> **What to do**
The answer is an exact repetition of every entry, with all images left out.

☆ ☆ ☆

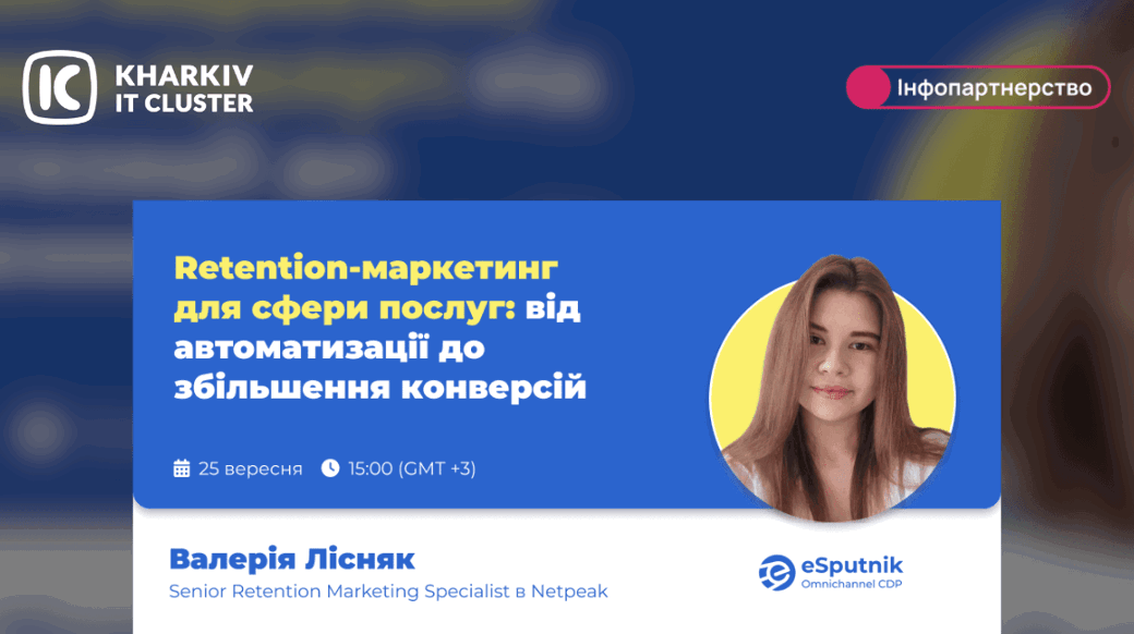 Приєднуйтеся до вебінару від омніканальної CDP eSputnik 25 вересня о 15:00 на тему Retention-маркетинг для сфери послуг: від автоматизації до збільшення конверсій.
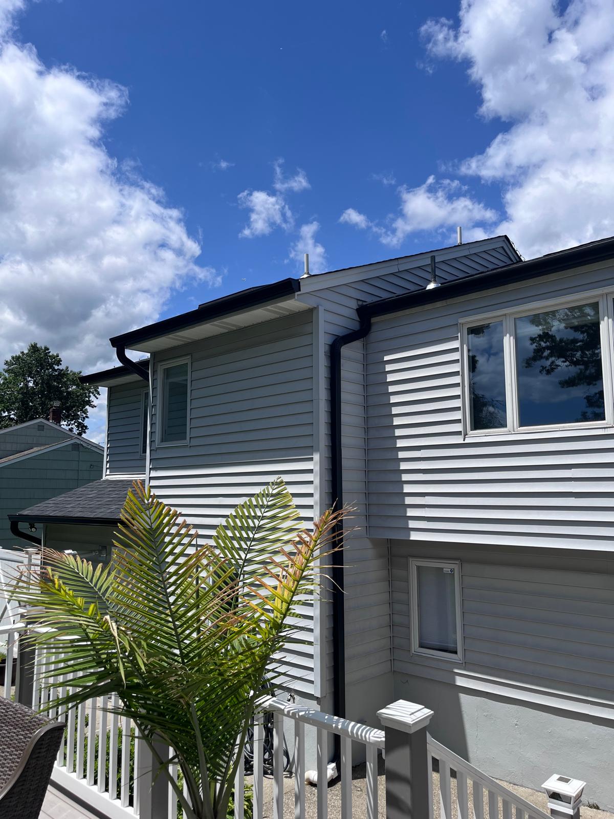 The property features newly installed gutters and well-maintained siding, enhancing both functionality and aesthetics.
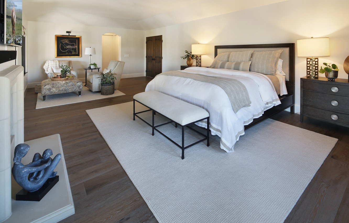 Ковер в спальне с двуспальной кроватью
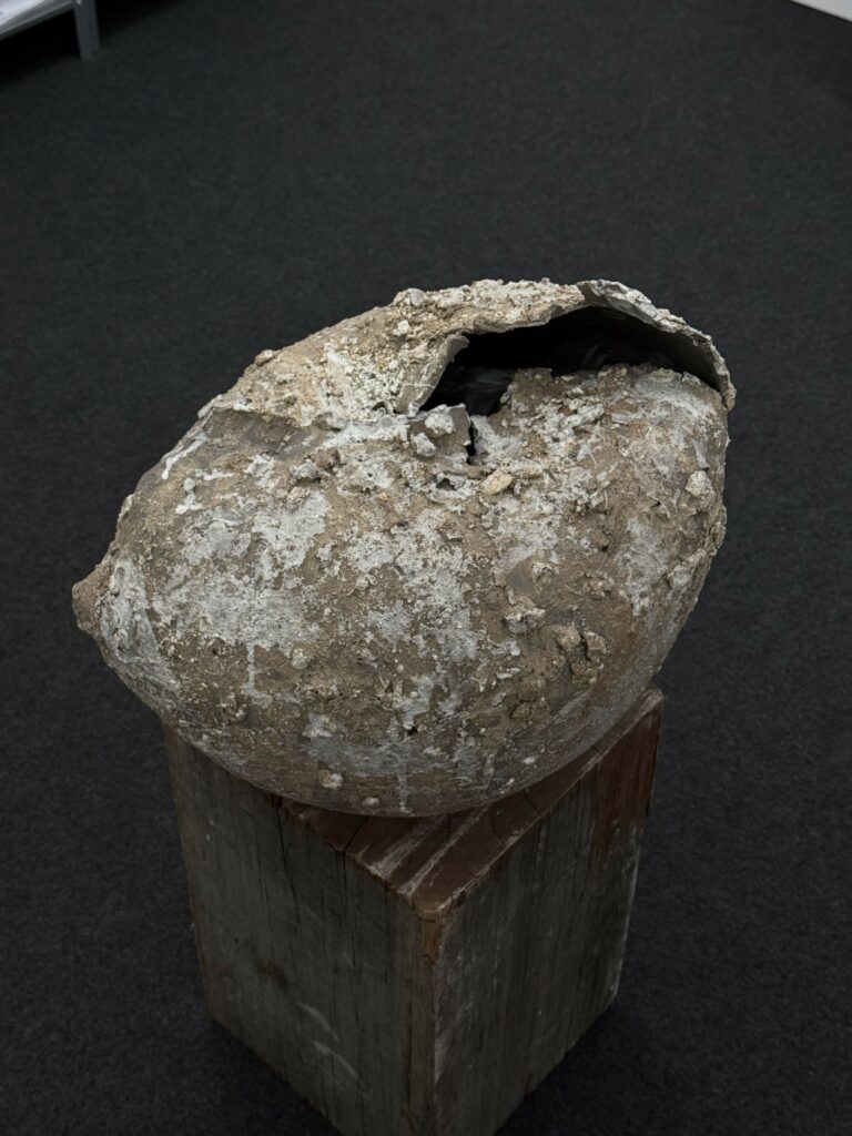 Je souhaitais montrer le côté brut et authentique de la galerie. Comme c’est ma première édition je voulais exposer un large panel de mes artistes et voir quel(s) artiste(s) allaient attirer le public. Ma sélection est volontairement cohérente. Les céramiques sont sur des socles en bois, ce qui fait partie de la ligne de la galerie volontiers brute.
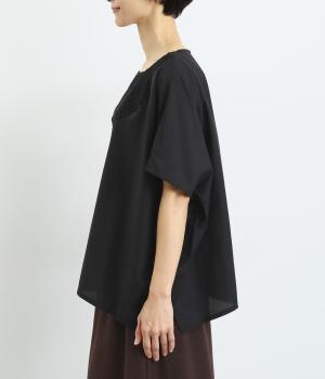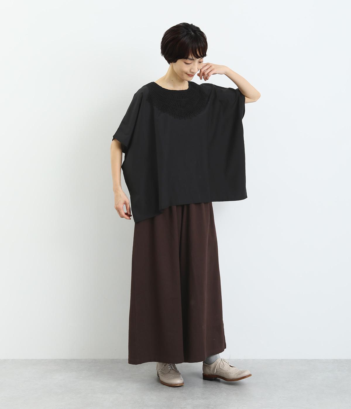 ボックスシルエットに首元のレースが華やかなプルオーバー。ショルダーラインからとろんと流れるようなドレープは、上質な素材ならでは。そのままシンプルに着るのはもちろん、インナーとの重ね着を楽しむのもおすすめです。ゆとりのある身幅で、体型を選びません。
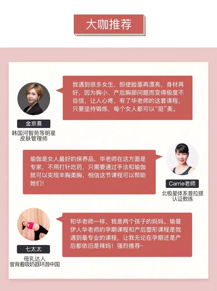 1、安全。不用吃药,不用动刀。华老师独创丰胸术,瑜伽运动+独创手法+饮食配合,所有动作食物都是纯天然。
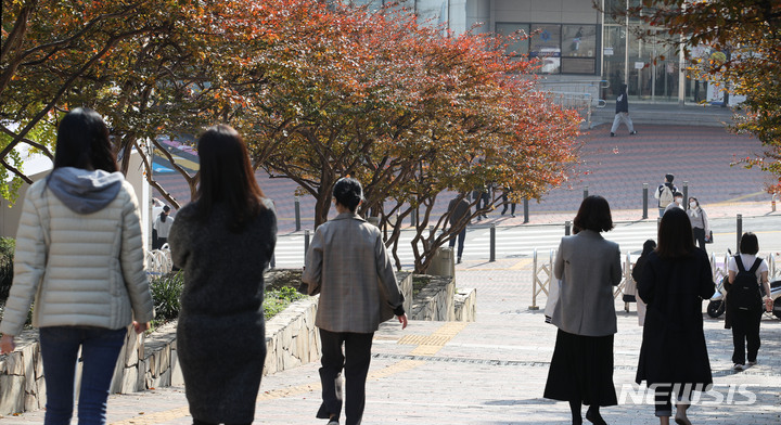 [서울=뉴시스] 권창회 기자 = 교육부의 '교육분야 단계적 일상회복 추진방안'에 따라 대학의 대면수업이 확대되고 있는 2일 오후 서울 용산구 숙명여자대학교에서 학생들이 발걸음을 옮기고 있다. 2021.11.02. [email protected]
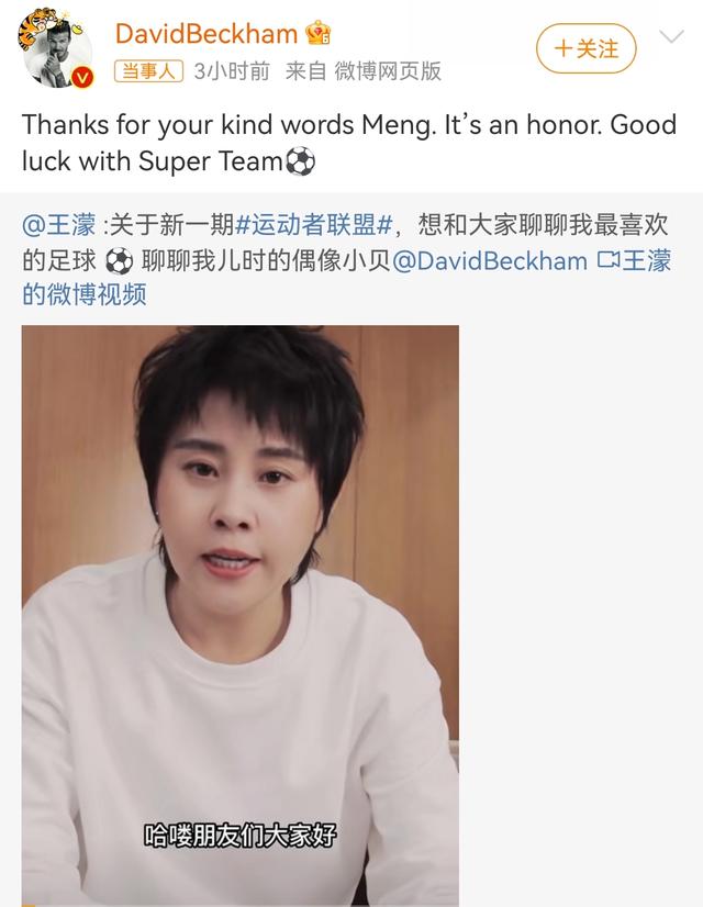 新一期“运动者联盟”更新后,原短道速滑运动员王濛今天更新微博,和网友们分享了她和足球的故事,并在线表白了自己喜欢20多年的偶像英国著名足球运动员贝克汉姆,随后贝克汉姆微博回复了王濛,真是体育界的梦幻联动啊。
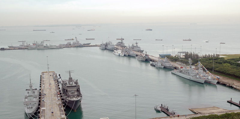 Des navires de différents pays participent à l’exposition dans la base navale de Changi à Singapour. Sont présents HMAS Adelaide, HMAS Bathurst, HMAS Farncomb, BNS Karotoa, PLAN Xiangfan, le Floréal, le Var, INS Mysore, INS Kuthar ICGS Sangram, KRI Lemadang, KD Pahang, KD Laksamana Tan Pusmah, HMNZS Te Mana, HMNZS Endeavour, PNS Babur, RSS Formidable, RSS Persistence, ROKS Munmu the Great, SLNS Samudura, HMS Monmouth et USS Pinckney. © SeaWaves
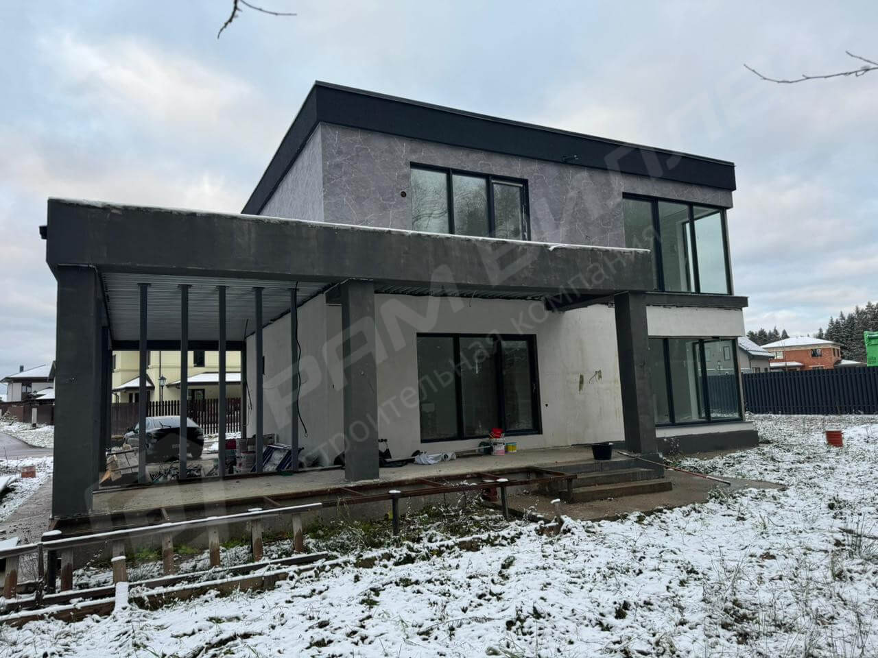 Выполняется строительство двухэтажного дома на 292 м2, строится по индивидуальному проекту. Фундамент по свайно-ростверковой технологии, стены из газобетонных блоков.
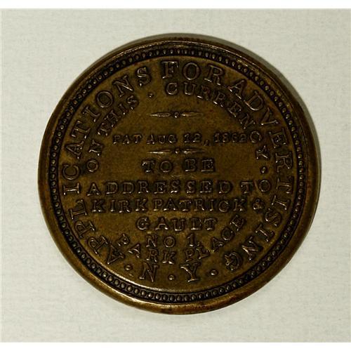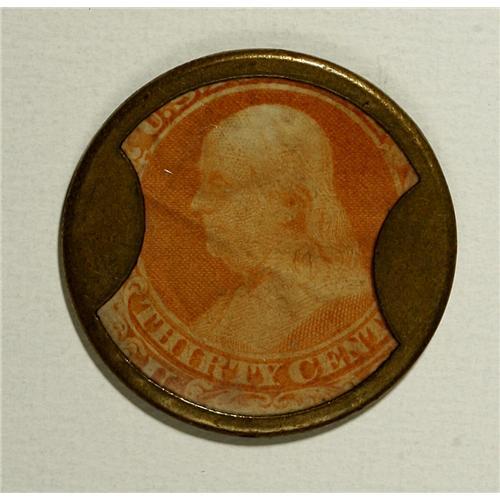 <B>HB-166 EP-181 30¢ Kirkpatrick & Gault Extremely Fine.</B></I> All 30¢ Encased Postage pieces are rare and highly desirable. This Kirkpatrick & Gault example is one of the more common pieces of the denomination, with about fifteen examples known. As with all high-denomination encasements, genuineness is of paramount concern. This piece is above suspicion, with a tightly sealed, perfectly formed case all the way around. The case itself is problem-free, the orange 30¢ stamp remains beautifully bright and the mica approaches perfection. There are a few as-made wrinkles in the stamp, but they do nothing to detract from this highly important piece.<BR><BR><b>Shipping:</b> Coin/Currency (<a target="_blank" href="http://www.heritageauctions.com/common/shipping.php">view shipping information</a>)

☆ ☆ ☆

> **Your solution**
 Приєднуйтеся до вебінару від омніканальної CDP eSputnik 25 вересня о 15:00 на тему Retention-маркетинг для сфери послуг: від автоматизації до збільшення конверсій.
 The property features newly installed gutters and well-maintained siding, enhancing both functionality and aesthetics.
 Ковер в спальне с двуспальной кроватью
 Je souhaitais montrer le côté brut et authentique de la galerie. Comme c’est ma première édition je voulais exposer un large panel de mes artistes et voir quel(s) artiste(s) allaient attirer le public. Ma sélection est volontairement cohérente. Les céramiques sont sur des socles en bois, ce qui fait partie de la ligne de la galerie volontiers brute.
 ボックスシルエットに首元のレースが華やかなプルオーバー。ショルダーラインからとろんと流れるようなドレープは、上質な素材ならでは。そのままシンプルに着るのはもちろん、インナーとの重ね着を楽しむのもおすすめです。ゆとりのある身幅で、体型を選びません。
 1、安全。不用吃药,不用动刀。华老师独创丰胸术,瑜伽运动+独创手法+饮食配合,所有动作食物都是纯天然。
 [서울=뉴시스] 권창회 기자 = 교육부의 '교육분야 단계적 일상회복 추진방안'에 따라 대학의 대면수업이 확대되고 있는 2일 오후 서울 용산구 숙명여자대학교에서 학생들이 발걸음을 옮기고 있다. 2021.11.02. [email protected]
 新一期“运动者联盟”更新后,原短道速滑运动员王濛今天更新微博,和网友们分享了她和足球的故事,并在线表白了自己喜欢20多年的偶像英国著名足球运动员贝克汉姆,随后贝克汉姆微博回复了王濛,真是体育界的梦幻联动啊。
 Des navires de différents pays participent à l’exposition dans la base navale de Changi à Singapour. Sont présents HMAS Adelaide, HMAS Bathurst, HMAS Farncomb, BNS Karotoa, PLAN Xiangfan, le Floréal, le Var, INS Mysore, INS Kuthar ICGS Sangram, KRI Lemadang, KD Pahang, KD Laksamana Tan Pusmah, HMNZS Te Mana, HMNZS Endeavour, PNS Babur, RSS Formidable, RSS Persistence, ROKS Munmu the Great, SLNS Samudura, HMS Monmouth et USS Pinckney. © SeaWaves
 Выполняется строительство двухэтажного дома на 292 м2, строится по индивидуальному проекту. Фундамент по свайно-ростверковой технологии, стены из газобетонных блоков.
 <B>HB-166 EP-181 30¢ Kirkpatrick & Gault Extremely Fine.</B></I> All 30¢ Encased Postage pieces are rare and highly desirable. This Kirkpatrick & Gault example is one of the more common pieces of the denomination, with about fifteen examples known. As with all high-denomination encasements, genuineness is of paramount concern. This piece is above suspicion, with a tightly sealed, perfectly formed case all the way around. The case itself is problem-free, the orange 30¢ stamp remains beautifully bright and the mica approaches perfection. There are a few as-made wrinkles in the stamp, but they do nothing to detract from this highly important piece.<BR><BR><b>Shipping:</b> Coin/Currency (<a target="_blank" href="http://www.heritageauctions.com/common/shipping.php">view shipping information</a>)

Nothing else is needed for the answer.